Когда солнце покатилось к горизонту и кузнечики в траве стали орать как резаные, мы с Бимом пошли на реку, где он гонялся за бабочками и носился по кустам как угорелый, а я осматривал места, где собирался ловить, и расспрашивал знакомого рыбака, как клюет и на что. Рыбак рассказал, что в водохранилище выше по течению спустили воду, и с ней пришли большие лещи, что без подсачека на реке нечего делать. В подтверждение своих слов он достал из воды садок и показал двух лещей килограмма по полтора. Это были отличные экземпляры, я искренне за него порадовался и пожелал поймать еще. Мы вернулись домой уже в сумерках, когда над рекой поднимался туман и на траве высыпала роса. Дома меня ждала жарко натопленная баня, а Бима – чашка сахарных косточек.
Что может быть лучше, чем сразу с улицы зайти в жарко натопленную баню, запарить свежий березовый веник, залезть на полок, греться и вдыхать запах горячего дерева?
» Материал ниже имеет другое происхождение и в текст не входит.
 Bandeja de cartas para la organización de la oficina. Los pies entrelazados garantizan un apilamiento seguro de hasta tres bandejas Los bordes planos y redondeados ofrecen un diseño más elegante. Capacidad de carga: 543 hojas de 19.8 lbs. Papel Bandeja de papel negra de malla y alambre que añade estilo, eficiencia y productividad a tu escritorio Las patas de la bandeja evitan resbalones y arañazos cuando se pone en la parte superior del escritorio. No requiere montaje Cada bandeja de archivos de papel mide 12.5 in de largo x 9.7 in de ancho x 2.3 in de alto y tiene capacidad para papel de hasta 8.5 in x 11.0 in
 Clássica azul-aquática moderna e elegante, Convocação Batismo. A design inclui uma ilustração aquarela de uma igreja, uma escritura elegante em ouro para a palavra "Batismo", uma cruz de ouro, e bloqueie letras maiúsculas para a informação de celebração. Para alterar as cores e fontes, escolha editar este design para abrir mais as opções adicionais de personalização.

Это потом ты будешь поддавать на каменку березовым отваром с разными ароматическими маслами вроде лайма, эвкалипта и можжевельника, так что от душистого жара перехватит дыхание и станет покалывать уши, а сейчас будешь просто сидеть, млеть и блаженствовать, слушая, как отогреваются озябшие члены. От живительного тепла, проникающего в самое сердце, время остановится, все тревожное и тяжелое, что лишало покоя, отвалится с души комьями растаявшего снега, и останется только покой и безмятежность.
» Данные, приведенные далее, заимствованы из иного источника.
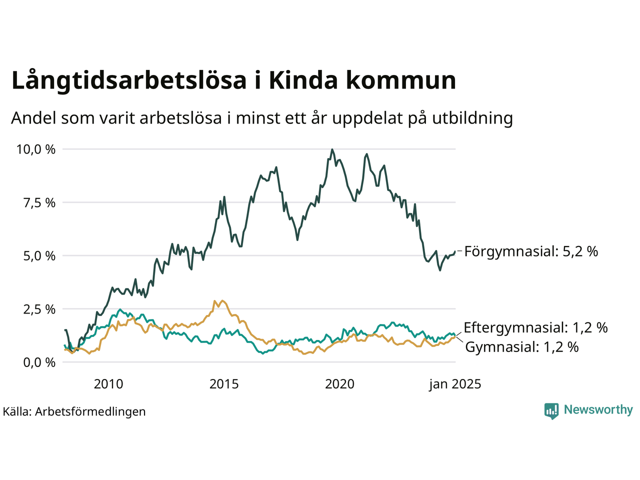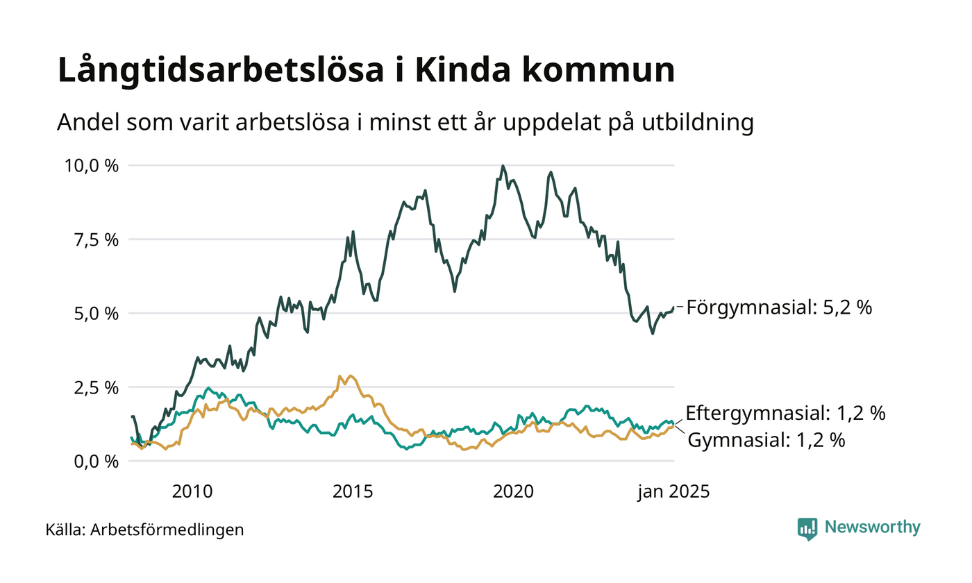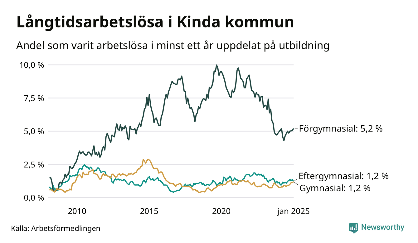 Andelen långtidsarbetslösa i Kinda är den näst lägsta i Östergötlands län, bara i Ydre är andelen lägre (1,3 procent). I Norrköping finns länets högsta långtidsarbetslöshet, 4,6 procent. I Östergötland som helhet hade 7 639 personer (3,3 procent) varit arbetslösa i minst ett år i januari. Det är 55 personer fler än månaden innan, och det är den åttonde månaden i rad som antalet sjunkit.
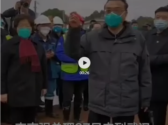 1月27日上午11时30分,李克强总理来到武汉火神山医院施工现场考察,慰问奋斗在一线的施工人员。

После бани меня ждал мамин чай с листьями смородины, мятой, чабрецом и лимоном, который я пил с душистым медом – подарком наших родственников из Башкирии. На ужин была мамина шарлотка с яблоками, лимонной цедрой, корицей, ванилью, с коричневой от растопившегося сахара и масла ароматной корочкой, которую нужно есть непременно ложечкой, иначе измажешься. Когда все истории закончатся и не останется сил даже улыбаться, я сонно пробормочу: «Спасибо, мама!», доберусь до своей комнаты и рухну на кровать, заснув раньше, чем успею выключить светильник.
Утром я проснулся с рассветом, раньше будильника, быстро вылез из-под одеяла, умылся ледяной водой и вышел в сад, чтобы смотреть на поднимающееся за туманом солнце, росу на маминых розах и щебечущих на яблоне утренних птиц. Вернувшись домой, быстро приготовил завтрак и сварил кофе, который выпил уже на веранде, собирая снасти в рюкзак. Перед тем как уйти, зашел помолиться у иконы Пресвятой Богородицы, доставшейся нам в наследство от нашей прабабушки Марии. Я всегда так делаю – молюсь перед рыбалкой. Неважно, поймаешь ты рыбу или нет, хотя, конечно, всегда просишь, чтобы поймать, и лучше большую, – но без этой молитвы и благословения у любимой иконы рыбалка будет ненастоящей, а так, не пойми что.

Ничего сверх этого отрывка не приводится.